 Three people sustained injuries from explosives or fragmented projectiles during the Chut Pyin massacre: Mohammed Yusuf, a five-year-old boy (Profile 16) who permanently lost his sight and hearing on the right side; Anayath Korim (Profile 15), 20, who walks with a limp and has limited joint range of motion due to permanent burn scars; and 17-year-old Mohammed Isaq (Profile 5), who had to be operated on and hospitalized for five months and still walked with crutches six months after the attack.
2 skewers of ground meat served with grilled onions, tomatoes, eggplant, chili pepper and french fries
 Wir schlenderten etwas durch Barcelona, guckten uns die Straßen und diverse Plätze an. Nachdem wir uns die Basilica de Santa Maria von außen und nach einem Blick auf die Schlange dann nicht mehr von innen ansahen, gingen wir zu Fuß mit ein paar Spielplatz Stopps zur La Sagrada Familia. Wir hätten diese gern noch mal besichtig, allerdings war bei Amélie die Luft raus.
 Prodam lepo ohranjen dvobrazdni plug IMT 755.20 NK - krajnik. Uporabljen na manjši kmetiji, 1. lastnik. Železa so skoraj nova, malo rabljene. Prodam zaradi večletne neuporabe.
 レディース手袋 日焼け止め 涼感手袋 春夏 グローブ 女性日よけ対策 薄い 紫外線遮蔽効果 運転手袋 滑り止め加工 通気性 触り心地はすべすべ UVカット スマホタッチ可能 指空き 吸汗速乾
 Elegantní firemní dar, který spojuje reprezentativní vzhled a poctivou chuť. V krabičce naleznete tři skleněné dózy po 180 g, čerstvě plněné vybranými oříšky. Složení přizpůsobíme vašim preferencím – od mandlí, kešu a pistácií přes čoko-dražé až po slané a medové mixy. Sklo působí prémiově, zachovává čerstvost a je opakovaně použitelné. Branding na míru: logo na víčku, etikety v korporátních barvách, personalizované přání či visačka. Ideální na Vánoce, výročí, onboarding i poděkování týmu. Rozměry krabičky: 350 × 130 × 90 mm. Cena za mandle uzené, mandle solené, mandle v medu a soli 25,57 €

——

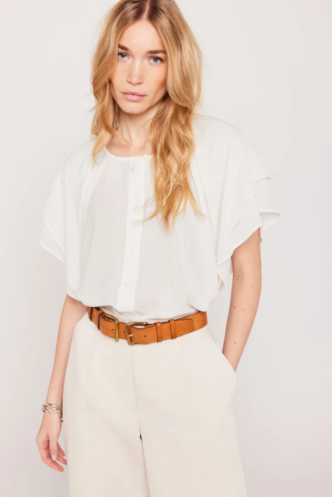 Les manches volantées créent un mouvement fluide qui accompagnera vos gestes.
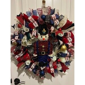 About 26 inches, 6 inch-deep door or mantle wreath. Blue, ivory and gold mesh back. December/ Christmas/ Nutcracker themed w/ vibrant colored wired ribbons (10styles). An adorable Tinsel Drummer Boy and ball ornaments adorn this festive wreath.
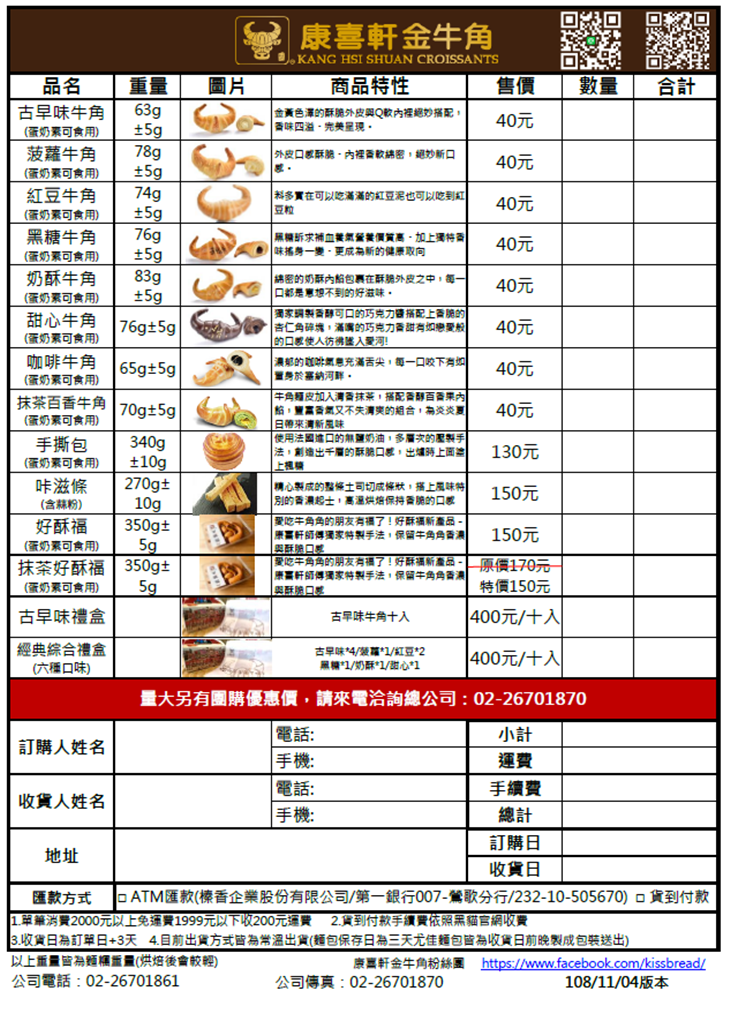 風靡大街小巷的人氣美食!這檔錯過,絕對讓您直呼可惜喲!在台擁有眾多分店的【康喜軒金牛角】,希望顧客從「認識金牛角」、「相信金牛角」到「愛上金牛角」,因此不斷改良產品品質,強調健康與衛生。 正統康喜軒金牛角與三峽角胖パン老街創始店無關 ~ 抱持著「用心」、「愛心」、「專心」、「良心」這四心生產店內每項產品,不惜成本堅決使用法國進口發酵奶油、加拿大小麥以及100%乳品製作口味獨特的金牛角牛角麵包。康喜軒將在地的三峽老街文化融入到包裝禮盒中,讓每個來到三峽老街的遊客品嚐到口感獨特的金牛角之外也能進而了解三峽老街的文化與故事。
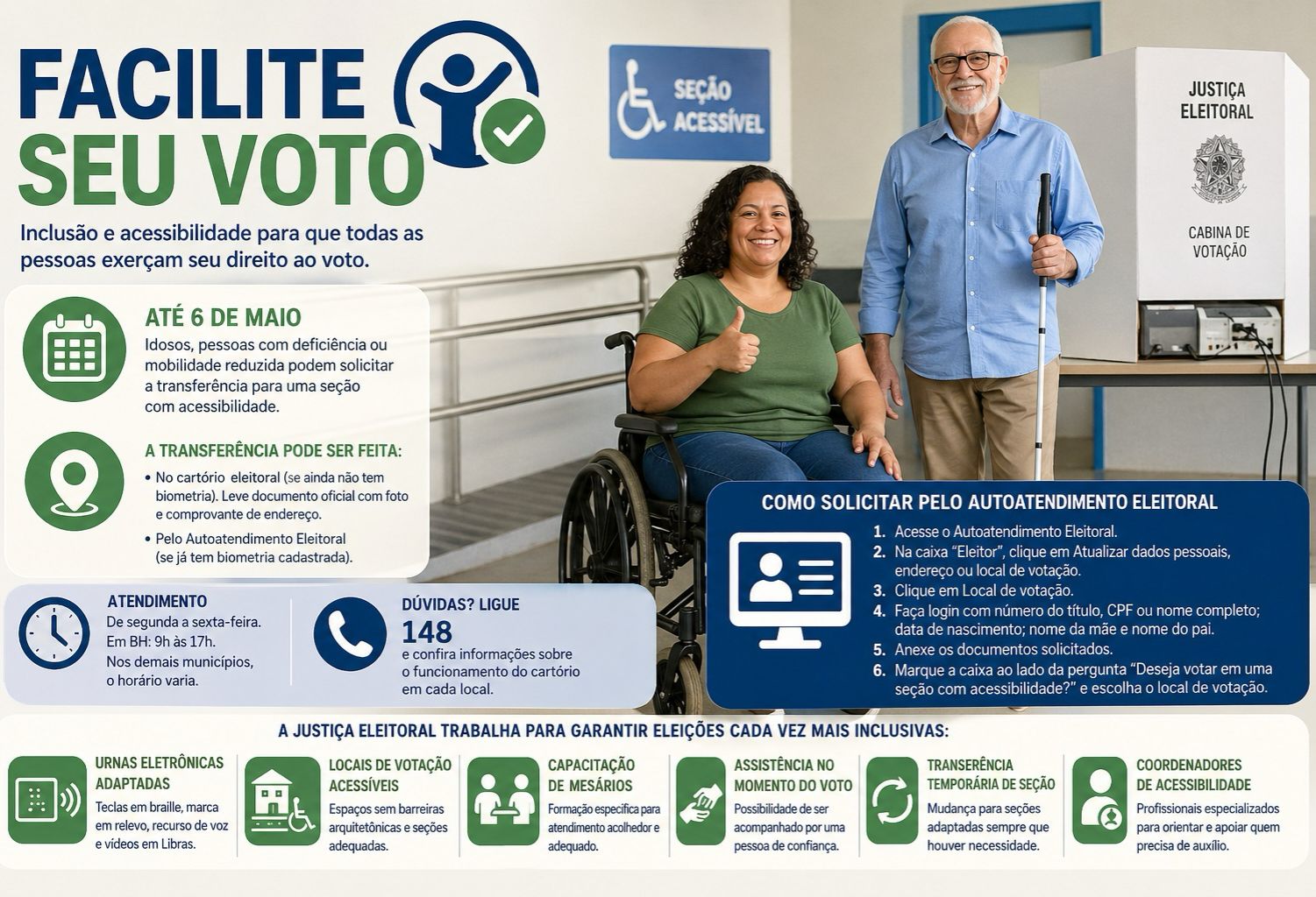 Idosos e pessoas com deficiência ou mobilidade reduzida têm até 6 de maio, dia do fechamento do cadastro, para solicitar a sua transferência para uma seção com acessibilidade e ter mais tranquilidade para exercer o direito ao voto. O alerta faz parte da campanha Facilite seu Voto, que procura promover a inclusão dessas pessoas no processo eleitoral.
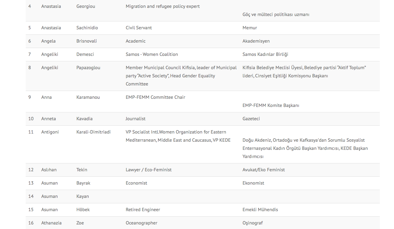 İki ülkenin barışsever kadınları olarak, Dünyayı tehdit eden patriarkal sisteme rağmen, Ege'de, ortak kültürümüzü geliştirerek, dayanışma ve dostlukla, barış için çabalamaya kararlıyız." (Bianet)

——

EXERCISE: Please give back exactly the lines of this listing beginning at the line with "レディース手袋 日焼け止め 涼感手袋" and ending with the line with "Elegantní firemní dar, který", both included, and nothing else.

TASK OUTPUT:
 レディース手袋 日焼け止め 涼感手袋 春夏 グローブ 女性日よけ対策 薄い 紫外線遮蔽効果 運転手袋 滑り止め加工 通気性 触り心地はすべすべ UVカット スマホタッチ可能 指空き 吸汗速乾
 Elegantní firemní dar, který spojuje reprezentativní vzhled a poctivou chuť. V krabičce naleznete tři skleněné dózy po 180 g, čerstvě plněné vybranými oříšky. Složení přizpůsobíme vašim preferencím – od mandlí, kešu a pistácií přes čoko-dražé až po slané a medové mixy. Sklo působí prémiově, zachovává čerstvost a je opakovaně použitelné. Branding na míru: logo na víčku, etikety v korporátních barvách, personalizované přání či visačka. Ideální na Vánoce, výročí, onboarding i poděkování týmu. Rozměry krabičky: 350 × 130 × 90 mm. Cena za mandle uzené, mandle solené, mandle v medu a soli 25,57 €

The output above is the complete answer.